Example 11. Evaluation of BEA Anti-Myeloma Activity in Vk*MYC Mice

(317) The experiments are conducted by Dr. Marta Chesi's group at Comprehensive Cancer Center, Mayo Clinic, Scottsdale, Ariz. The experimental details are described in her publication (Chesi, M. et al., 2012, Drug response in a genetically engineered mouse model of multiple myeloma is predictive of clinical efficacy, Blood, 120(2), 376-385). 3 Vk*MYC Mice are evaluated. Mice M5645B and M5489D are dosed 15 and 20 mg/kg/day BEA formulation on day 1-5, 8-12 through I.P. route of administration. The M-Spike value are assessed at day 7 and 14 respectively.
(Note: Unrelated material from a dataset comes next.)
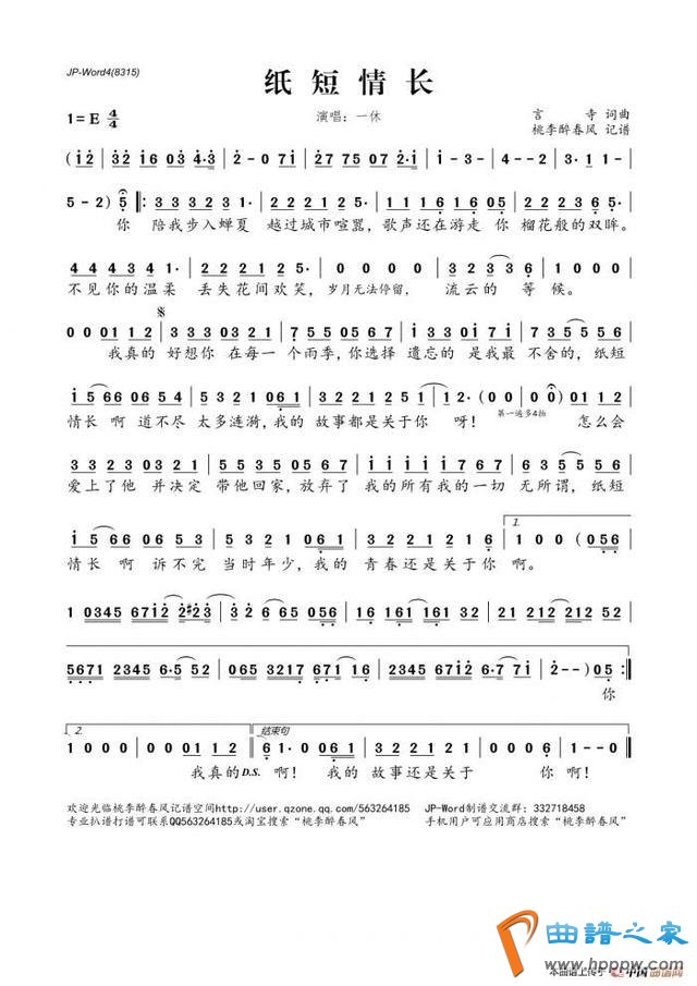 纸短情长简谱数字!比来抖音上有良多人都正在传这个数字简谱,由于纸短情长正在旧年照旧一首爆红的歌曲,以是这首歌的数字简谱也是让这首歌再次火了起来,下面咱们来看看吧!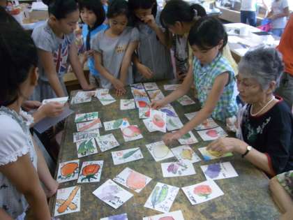夏の山のてっぺん教室三日目「絵手紙教室」

Mouse M5369 is dosed 15 mg/kg/day BEA formulation on day 1-5, 8-12 through I.M. route of administration, then 15 mg/kg/day on day 15-19 through I.P. route of administration. The M-Spike value are assessed at day 7, 14 and 21 respectively.

(318) Results as shown in FIG. 3 indicates that 40% reduction of M-Spike in the in vivo model is achieved at 15 mg/kg/day in Vk*MYC Mice, strongly suggesting the BEA formulation is active against multiple myeloma. As BEA's anti-multiple myeloma activities are shown in the Example, it further supports that BEA may be used as a cancer immunotherapy agent.